Global oil prices have clawed back significantly after a rout to kick off the trading week, and at least one energy fund manager thinks crude prices have a lot of runway – maybe even enough to top US$100 a barrel.
“I think we’re in a secular bull market for oil that will conclude with all time-highs for oil prices,” said Eric Nuttall, partner and senior portfolio manager at Ninepoint Partners, in an interview Thursday. “This week is a good reminder there’s a lot of noise in the market, and it’s important to focus on the things that really matter.”
While Nuttall stopped short of pegging an exact price target for West Texas Intermediate, he agreed when asked if this bull market scenario would see prices clear $100 a barrel.
As was the case with financial markets, energy prices took a hit on Monday as fears of the Delta variant clouded the demand outlook. But Nuttall dismissed the selling event as a blip, and merely a deviation from fundamentals.
By Thursday afternoon, WTI was trading above US$71 a barrel after briefly dipping below US$66 earlier this week.
“The demand for oil will grow for at least the next ten years, and yet the fear of peak demand by some, is leading to the reality of peak supply.” said Nuttall. “In terms of the oil price this is a good level to allow OPEC to gradually bring on oil production and to get closer to the exhaustion of their spare capacity by some time next year.”
Nuttall’s bull case for crude prices is based off global super majors like BP Plc and Royal Dutch Shell Plc leaning into renewables, OPEC’s reluctance to drastically boost production, as well as projections that U.S. shale production growth will remain tempered.
“I think we’re entering into an energy crisis in the years ahead, that will result in meaningfully higher oil prices and meaningfully higher oil stock prices as well.” said Nuttall.
“Energy stocks do not need a higher oil price to go up.
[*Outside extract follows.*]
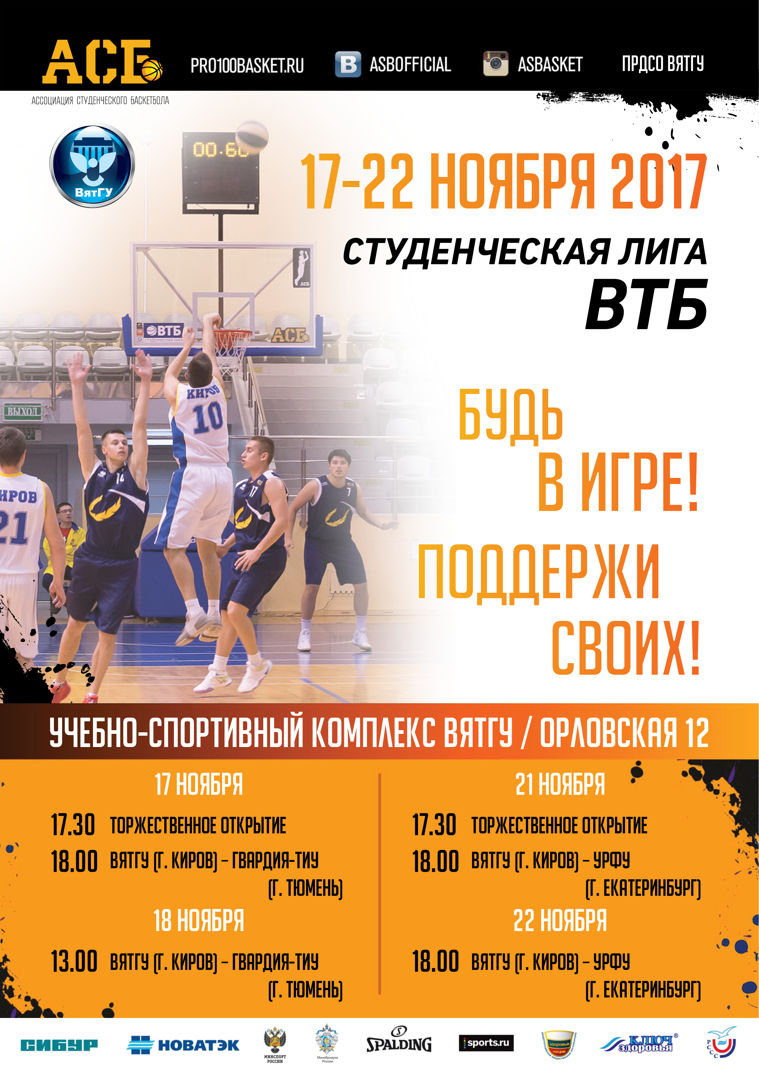 В ВятГУ пройдут матчи Студенческой лиги ВТБ Чемпионата Ассоциации студенческого баскетбола России среди мужских команд

We just need the market to become aware that US$70 is a sustainable floor, and not a ceiling.”
This could attract generalist Canadian investors back to the unloved oil and gas sector, according to Nuttall, who added that Canadian producers would be unwise to boost their production, and instead should focus on share buybacks and dividends.
“How can you possibly justify growing your volumes when the valuation of your shares are trading at such dismally low levels?” he said. “There’s not a single reason why these companies should be growing their volumes, instead they should be growing their cash flows.”